Training & Test Data
After cleaning your dataset, the next job is to split the data into two segments for training and testing, also known as split validation. The first split of data is the training data, which is the initial reserve of data used to develop your model. After you have developed a model based on patterns extracted from the training data, you can test the model on the remaining data, which is called the test data. The test data should be used to assess model performance rather than optimize the model.
When splitting the data, the ratio of the two splits should be approximately 70/30 or 80/20. This means that your training data should account for 70 percent to 80 percent of the rows in your dataset, and the remaining 20 percent to 30 percent of rows are left for your test data. It’s vital to split your data by rows and not by columns.

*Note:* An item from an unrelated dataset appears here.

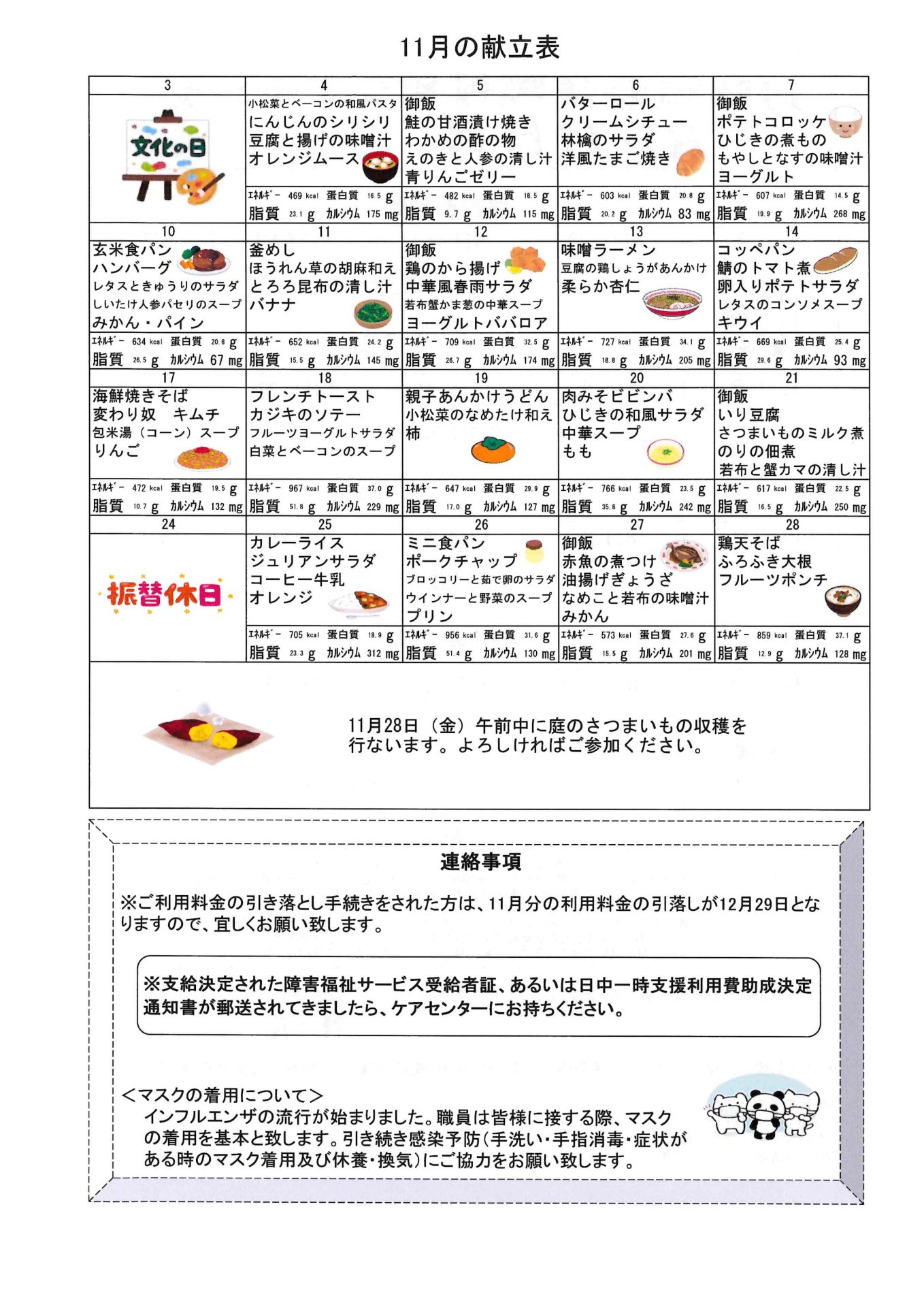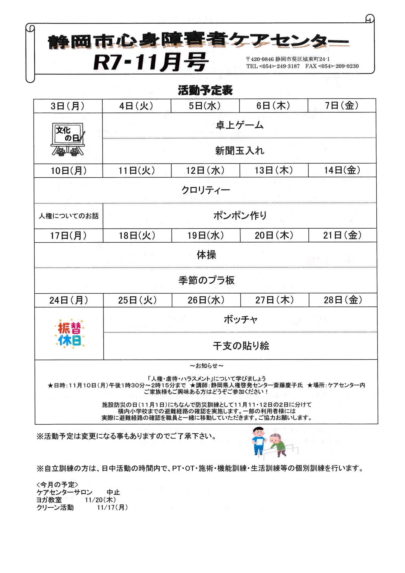 お知らせ R7.11月おたより
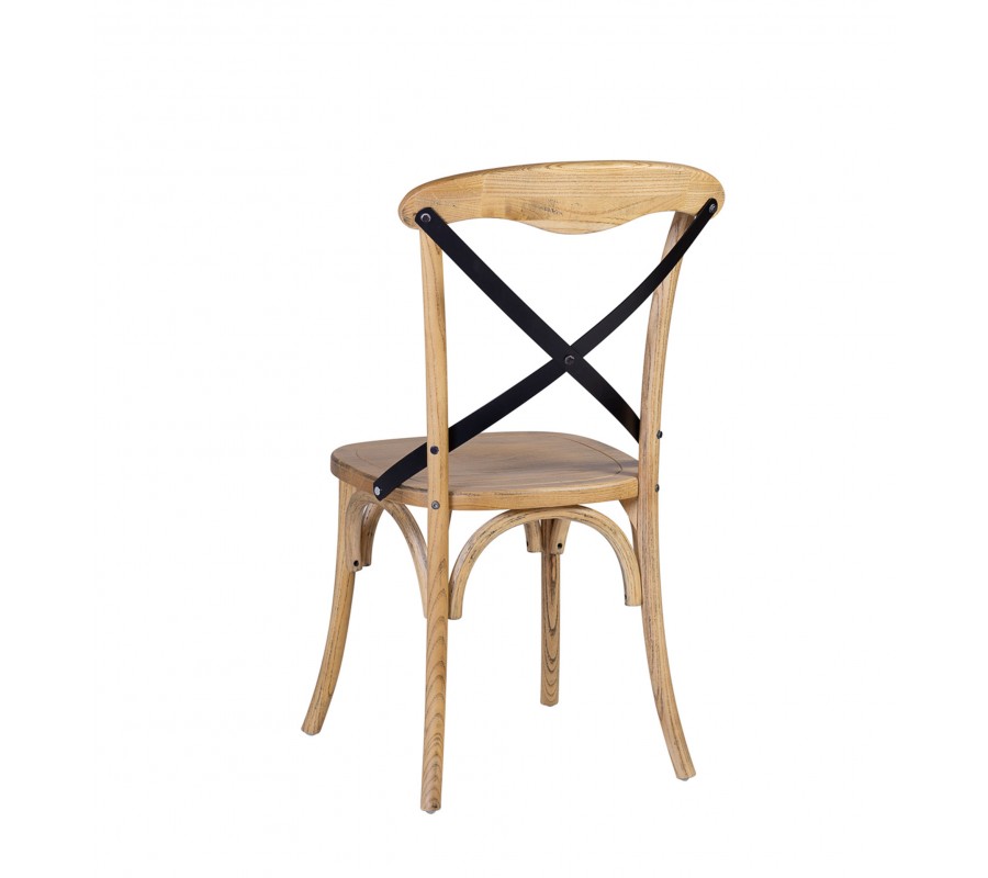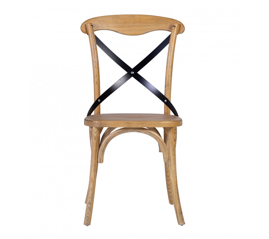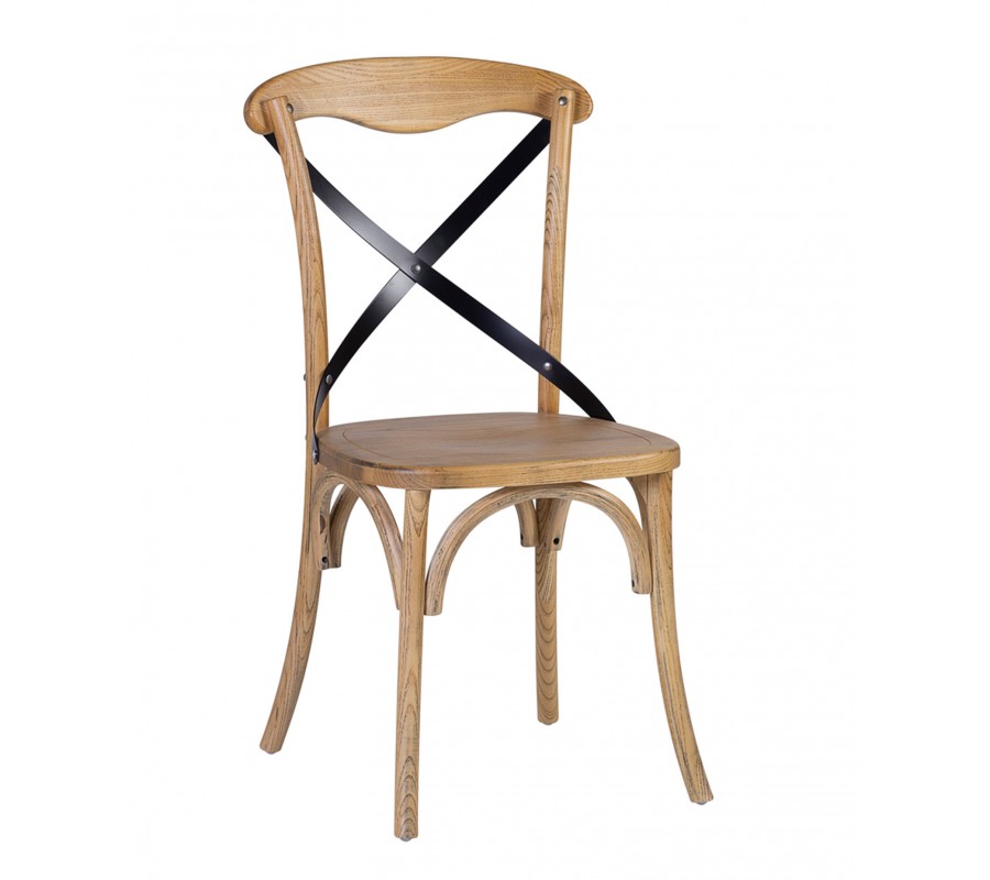 Masívna vidiecka jedálenská stolička Chicago Cruz Tonet v svetlej hnedej farbe s čiernou krížovou opierkou 92 cm

Other options for splitting the data are k-fold validation or a three-way split with a validation set.
As the test data cannot be used to build and optimize the model, data scientists sometimes use a third independent dataset called the validation set. After building an initial model with the training set, the validation set can be fed into the prediction model and used as feedback to optimize the model’s hyperparameters. The test set is then used to assess the prediction error of the final model.
In k-fold validation, the k-fold validation technique involves splitting data into k assigned buckets and reserving one of those buckets for testing the training model at each round. To perform k-fold validation, data is randomly assigned to k number of equal-sized buckets. One bucket is reserved as the test bucket and is used to measure and evaluate the performance of the remaining (k-1) buckets.